Assignment. In the entries below, find the line with "2. Leather Couch – Yellow/Beige" and the line with "但是7天以后,差别就比较明显". Reproduce those two lines and every line between them exactly, and nothing more.

Record excerpts.

***

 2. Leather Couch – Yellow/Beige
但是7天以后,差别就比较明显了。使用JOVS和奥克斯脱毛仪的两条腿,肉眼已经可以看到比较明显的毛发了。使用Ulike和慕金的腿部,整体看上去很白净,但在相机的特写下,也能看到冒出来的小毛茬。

***

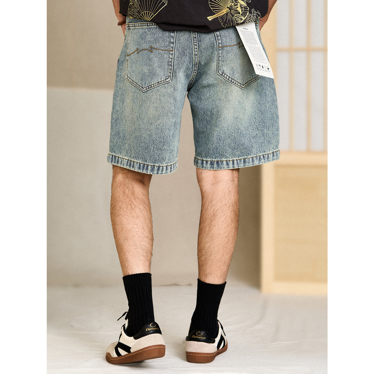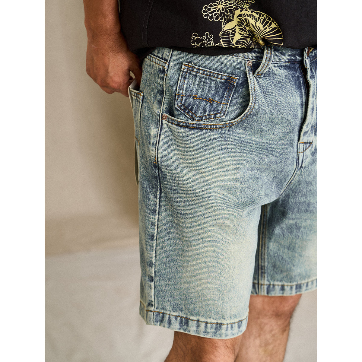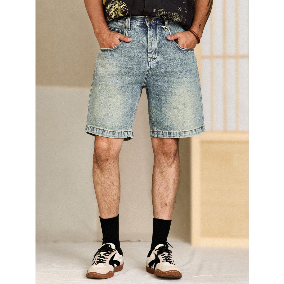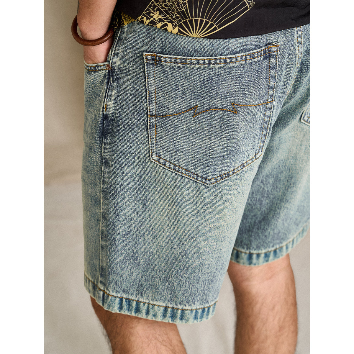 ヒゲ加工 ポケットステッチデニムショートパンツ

***

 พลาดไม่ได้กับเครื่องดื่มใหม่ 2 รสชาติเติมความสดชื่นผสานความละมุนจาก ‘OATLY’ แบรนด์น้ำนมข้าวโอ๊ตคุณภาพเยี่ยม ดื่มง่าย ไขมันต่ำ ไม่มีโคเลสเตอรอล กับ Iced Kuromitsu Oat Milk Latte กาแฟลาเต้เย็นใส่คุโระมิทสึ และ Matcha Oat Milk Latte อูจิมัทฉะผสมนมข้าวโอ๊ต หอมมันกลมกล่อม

***

Answer for the task.
 2. Leather Couch – Yellow/Beige
但是7天以后,差别就比较明显了。使用JOVS和奥克斯脱毛仪的两条腿,肉眼已经可以看到比较明显的毛发了。使用Ulike和慕金的腿部,整体看上去很白净,但在相机的特写下,也能看到冒出来的小毛茬。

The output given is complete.